Salem business owners work to stop bike lane project

Commercial Street in Salem.
(Image: Google Streetview)

A plan to restripe Commercial Street in downtown Salem has been met with opposition by some business owners.

Eric Lundgren, a bike advocate who manages a Salem bike blog and is a member of the Mid-Willamette Valley chapter of the Bicycle Transportation Alliance, reports that at least one business owner has already started circulating a petition against the plan.

“Reducing a lane of traffic will increase congestion, making downtown less palatable for shoppers coming and going.”
— From a petition opposing the project

“Most of the claims [in the petition] about the plan are unfounded,” Lundgren reports, “but a number of businesses have signed on nonetheless.”

Currently, Commercial is a four-lane, one-way street with angled parking. According to project plans, the street is set for resurfacing and the city wants to re-configure the road to include a 7-foot wide bike lane on the right and shared-lane markings (a.k.a. sharrows) on the left.

Lundgren writes that, “The right-most lane is little used, and traffic volume projections indicate no loss of capacity by swapping the right most lane for a bike lane.”

The proposed new road configuration.

Lundgren obtained a copy of the petition in opposition to the project. Here are the four main objections stated in the petition (emphasis mine), followed by excerpts from Lundgren’s rebuttals:

1) The congestion on Commercial Street combined with the lack of visibility backing out of parking spaces makes the addition of a bike lane fundamentally unsafe.


…Over 40,000 people a year die in automobile accidents, but we don’t use this as a reason to tell people not to drive….

More worrisome is the way the safety argument can be used to place the burden on the bicyclist who “chooses” to bicycle (or the pedestrian who chooses to walk) in an ostensibly dangerous environment… the burden to act with care rests on all road users, not merely bicyclists.


2) Turning around the sagging economy is a priority for us all.
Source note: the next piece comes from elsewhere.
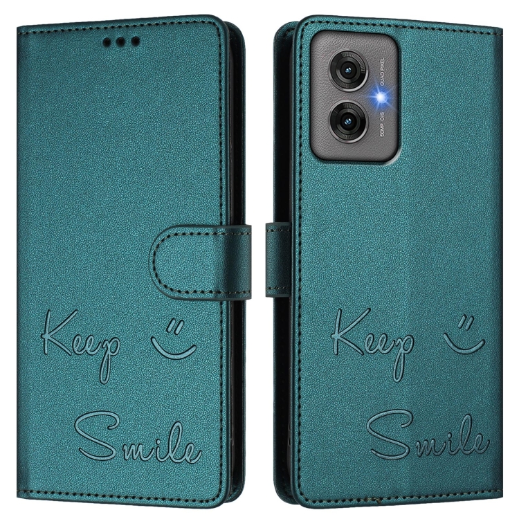 Funda de Cuero Rfid para Motorola Moto G55 con Relieve Sonriente (Verde Pavo Real)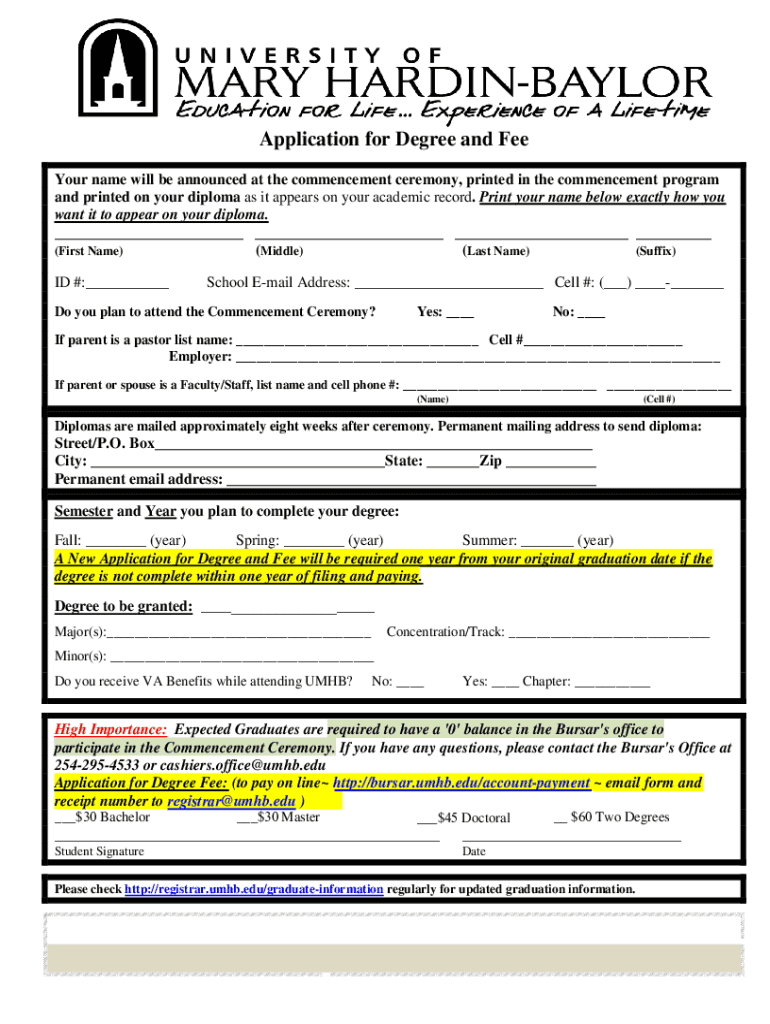 Application for Degree and Fee Your name will be announced at the commencement ceremony, printed in the commencement program and printed on your diploma as it appears on your academic record. Print

Reducing a lane of traffic will increase congestion making downtown less palatable for shoppers coming and going. To create a vibrant downtown shopping district we need to look at ways to reduce congestion, not increase it


…Bicycling reduces congestion. Encouraging more people to bike will relieve congestion downtown, not increase it. City traffic engineers have shown that the loss of a lane will not impact traffic volumes, and increases in bicycling will reduce auto traffic further…


3) A bike lane already exists one block away on Front Street. A new bike lane on a safer, less congested street further away from the existing bike lane may be a better choice.


The Front Street bypass bike lane is just that: a bypass for through traffic. It does not help with getting around downtown…


4) Slanted parking downtown is the best way to accommodate the most vehicles in a given section of street. We want to keep the slanted parking along Commercial Street unchanged so we have as much parking for our customers as possible.


Angle parking remains unchanged.

The Salem City Council is set to vote on the bike lane project on Monday, July 27th. If you live in Salem, consider showing up and sharing your opinion with Council members.

We expect a statement from a BTA staff person soon. We will update the story as soon as that information comes in.